RECORDS FOR PROCESSING:
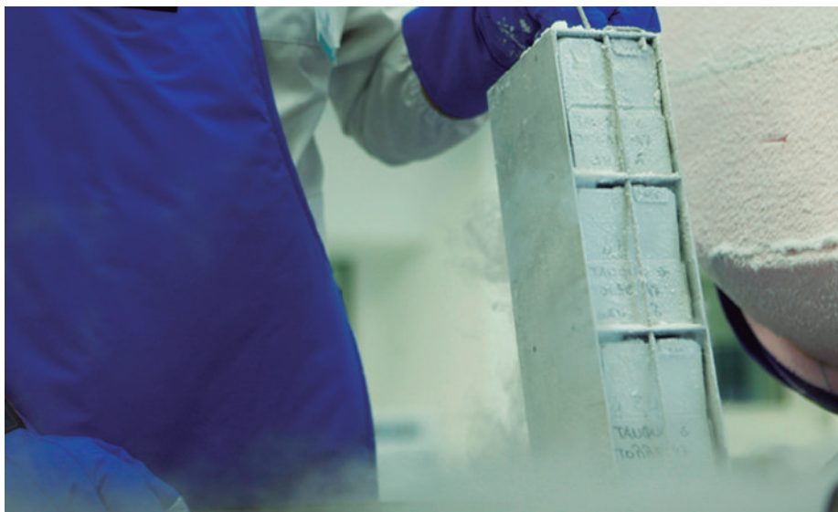
Bio-Cord conserva más de 55.000 unidades de sangre del cordón umbilical.

Extraer estas células es muy sencillo en indoloro tanto para la mamá como para el recién nacido y se realiza en el momento del parto, por ello, si vas a preservar las células de tu bebé se recomienda contratar este servicio dos meses antes de la fecha de nacimiento previsto y no olvidar llevar el kit de recogida células madre al hospital el mismo día del parto, que entregaréis al equipo médico que os atenderá.
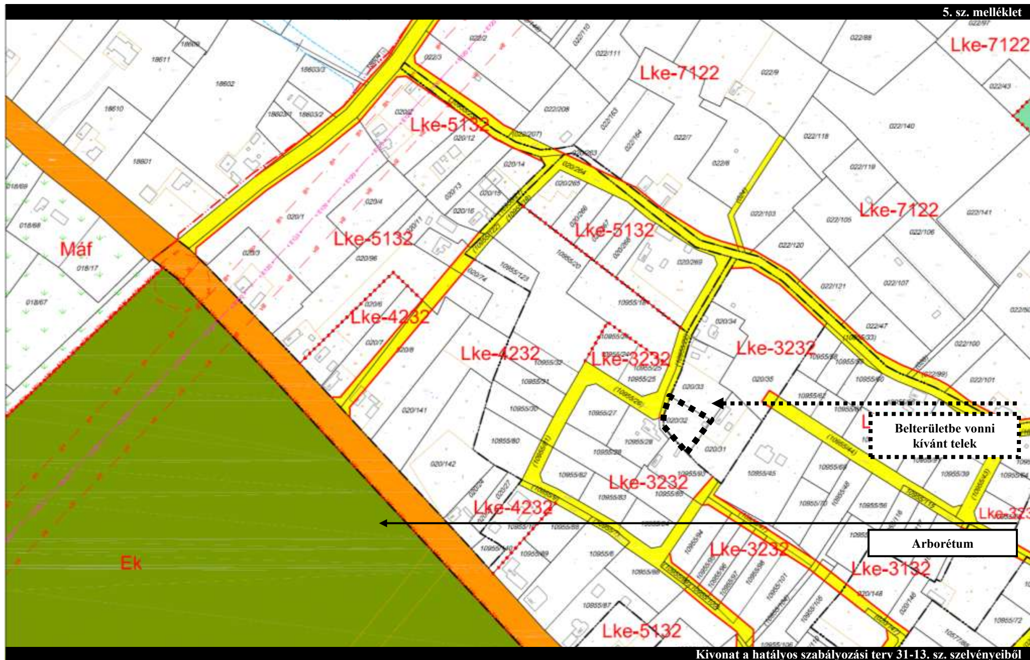
Kivonat a hatályos szabályozási terv 31-13. sz. szelvényeiből
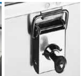
Zylinderschlösser, gleichschliessend Abb. Best.-Nr. GA45031001
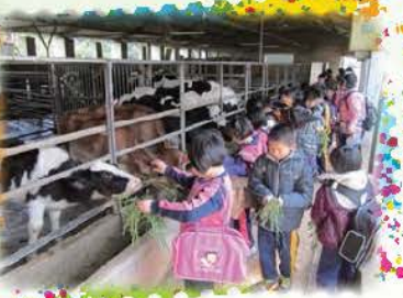
三年級校外教學到埔心牧場一遊
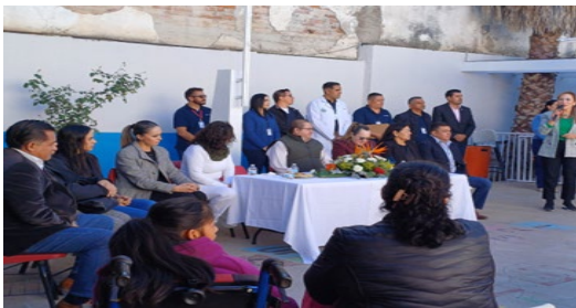
El presidente Municipal, Autoridades Educativas, Dependencia del Dif, Dirección de Medico cerca de ti Regidora de Salud.
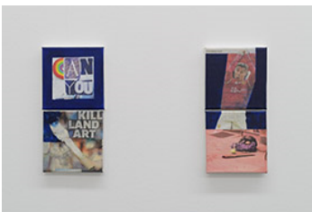
Ian Anüll, aus der Serie ohne Titel (London Blue) , 2021 Mixed Media auf Leinwand, Courtesy the artist und Mai 36 Galerie, Zürich, Foto: Marc Latzel
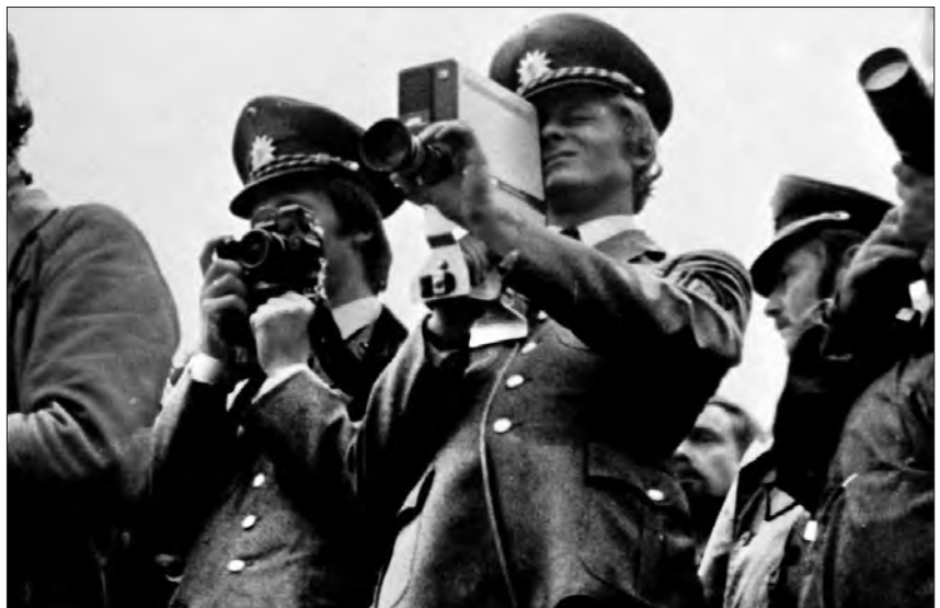
Deutschland im Herbst.

jungen Filmemacher/innen von der verunsicherten Bonner Republik hatten. Ein umstrittener Kommentar, aber auch ein eindrucksvolles Zeitdokument, das uns heute einen unmittelbaren Zugang in das Jahr 1977 ermöglicht und die Stimmung jener Zeit nachvollziehbar macht. Zugleich provoziert der Film auch heute noch Diskussionen.

THE PROBLEM: The records must appear again word for word, though none of their pictures should.

SOLUTION FOR THIS EXERCISE:
Bio-Cord conserva más de 55.000 unidades de sangre del cordón umbilical.

Extraer estas células es muy sencillo en indoloro tanto para la mamá como para el recién nacido y se realiza en el momento del parto, por ello, si vas a preservar las células de tu bebé se recomienda contratar este servicio dos meses antes de la fecha de nacimiento previsto y no olvidar llevar el kit de recogida células madre al hospital el mismo día del parto, que entregaréis al equipo médico que os atenderá.
Kivonat a hatályos szabályozási terv 31-13. sz. szelvényeiből
Zylinderschlösser, gleichschliessend Abb. Best.-Nr. GA45031001
三年級校外教學到埔心牧場一遊
El presidente Municipal, Autoridades Educativas, Dependencia del Dif, Dirección de Medico cerca de ti Regidora de Salud.
Ian Anüll, aus der Serie ohne Titel (London Blue) , 2021 Mixed Media auf Leinwand, Courtesy the artist und Mai 36 Galerie, Zürich, Foto: Marc Latzel
Deutschland im Herbst.

jungen Filmemacher/innen von der verunsicherten Bonner Republik hatten. Ein umstrittener Kommentar, aber auch ein eindrucksvolles Zeitdokument, das uns heute einen unmittelbaren Zugang in das Jahr 1977 ermöglicht und die Stimmung jener Zeit nachvollziehbar macht. Zugleich provoziert der Film auch heute noch Diskussionen.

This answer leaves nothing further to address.